A data expert warns women against using encrypted period trackers and only signing up with alias email accounts to protect their privacy in the wake of the Roe v Wade coup.
Mico Yuk, a data expert at Count, said while the data is good, women still need to take precautions to protect their privacy.
Yuk, who has been using a period tracker for six years, said period trackers track “overall health” and collect a lot of data from users. Tracking apps can also track sexual activity and whether or not women intend to conceive through user input.
She now recommends women use encrypted trackers — like Period Plus or Natural Cycles — and only use apps that explicitly say so They will not sell users’ data. She also recommends checking the phone settings to see if an app is encrypted.
Yuk also suggested that women should use an alias account when using health tracking apps and searching for health questions. But more importantly, she advises against using email addresses that are “connected to a search engine,” she told DailyMail.com.
Fears that period-tracking apps could expose women when they’re having abortions have increased after Roe v Wade was overturned by the Supreme Court. Young women across the US have been urged to remove the apps from their phones over fears their data could be tracked and they could be prosecuted in states that now criminalize abortion.

Mico Yuk, a data expert for Count, (pictured) warns women of childbearing age after the controversial fall of Roe v. Wade by the Supreme Court to be smart about privacy

After the coup, many women deleted their period trackers (stock image) from their phones over concerns that state governments could use their data to find out if they were pregnant in criminal cases against those who received abortions

Yuk encourages women who use period tracking apps to use Natural Cycles and Period Plus, who have vowed to protect user privacy
Natural Cycles, one of the apps Yuk recommends, has promised its users who pay a subscription to use the app to “never sell your data.”
“We charge a subscription to protect you and your data,” he said on his Twitter page. ‘The privacy of our users is of the utmost importance to us.’
Yuk also said that Period Plus will not sell user data.
Another way to protect your privacy is to switch from Google Chrome — which owns your search history — to Firefox, which “focuses on privacy,” Yuk said.
Although Chrome offers an incognito option, Yuk advises against using it because “you have to remember” to toggle it every time.
Chrome is generally “full of data,” especially when the browser is signed into an email address, Yuk told DailyMail.com.
When it comes to creating an alias to sign up for period tracking apps or to browse health questions online, she recommends using Hushmail.com and Fastmail.com, which she said offer the small monthly service fee are “definitely worth it”.
“The key is that it’s not tied to any search engine, and it’s encrypted and secure,” she told DailyMail.com.
Simply searching for “missed period” or other related terms such as abortion clinics and health-related issues would be collected at the email address, leading to easy tracing.
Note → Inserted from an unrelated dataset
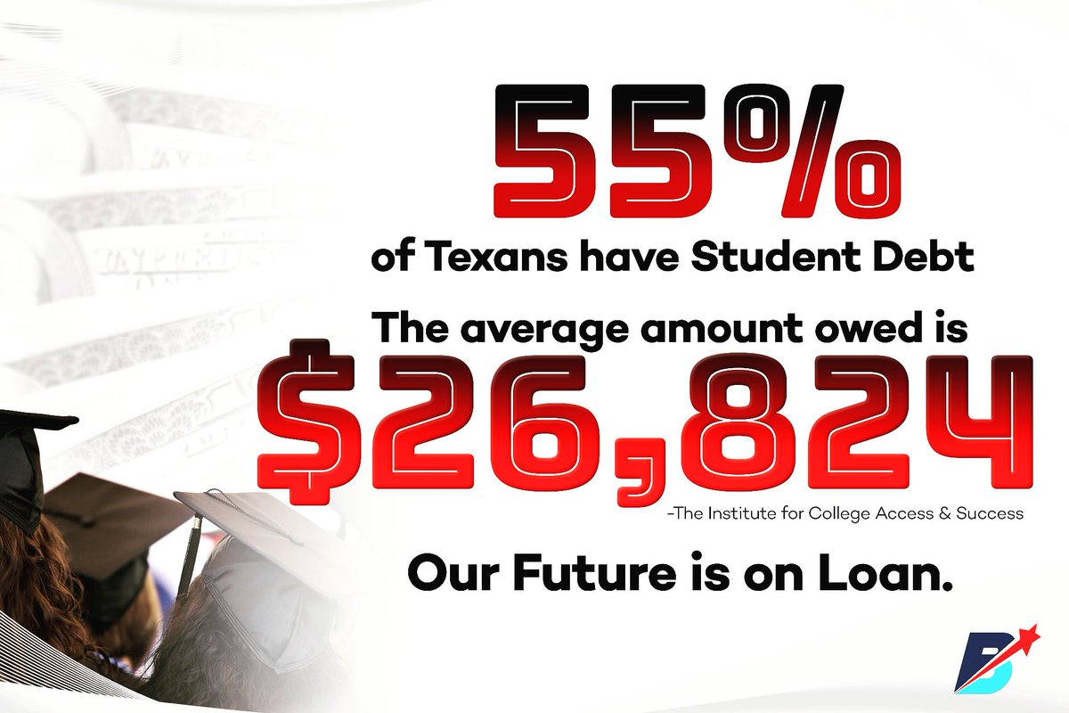I'm in that 55%. Like so many, I still owe thousands of dollars. Maybe it's time to elect someone who understands the problem and is willing to fight for solutions. We're in this together #TX24

Six of the nine judges vote to overthrow Roe v. Wade and immediately threaten access to abortion medicine for millions of American women
When asked how companies can sell health data, such as B. Period cycle information without violating HIPPA, she said she “can’t” talk about the legal aspect, but wasn’t sure how states would proceed since the overthrow happened so quickly.
Yuk also said companies have a “moral rather than a legal obligation” to protect user data, and often sell data because it’s “cheaper” than going against the subpoena.
Period tracker Flo, which at one point had 38 million users, was caught selling user data without permission about two years ago after promising to secure private information. Later it turned out that it leaked millions of users’ sensitive information to third-party apps.
The data sold by Flo went to several well-known platforms such as Facebook and Google, influencing algorithms and targeted ads.
Other devices such as Google Home have been accused of collecting recordings that also affect the data collected and presented to users, which can also be used against those accused of abortion crimes.
The Supreme Court overturned Roe v. Wade on June 24, allowing many states to activate trigger laws banning abortions at as little as six weeks — when fetuses develop a heartbeat.
Recently, a 10-year-old Ohio girl became pregnant with her rapist’s baby and was forced to travel to Indiana to receive an abortion.

Protesters took to the streets outside the US Supreme Court (pictured) just hours after the coup, urging judges to recognize that “motherhood should be a choice”.
The story became controversial after Ohio AG and the governor’s offices claimed that neither of them heard “a whisper” about the story and that there was no “biological evidence” in the case.
The 27-year-old rapist has since been remanded in custody and has admitted to sexually abusing the child on at least two occasions.
Since the coup, women in nearly 30 states have been at risk of losing their abortion rights. Demonstrators across the country have taken to the streets to protest the upheaval and to demand federal protection of the right to access abortion health care.
The Biden administration has been asked to work on federal protection, but nothing has happened so far.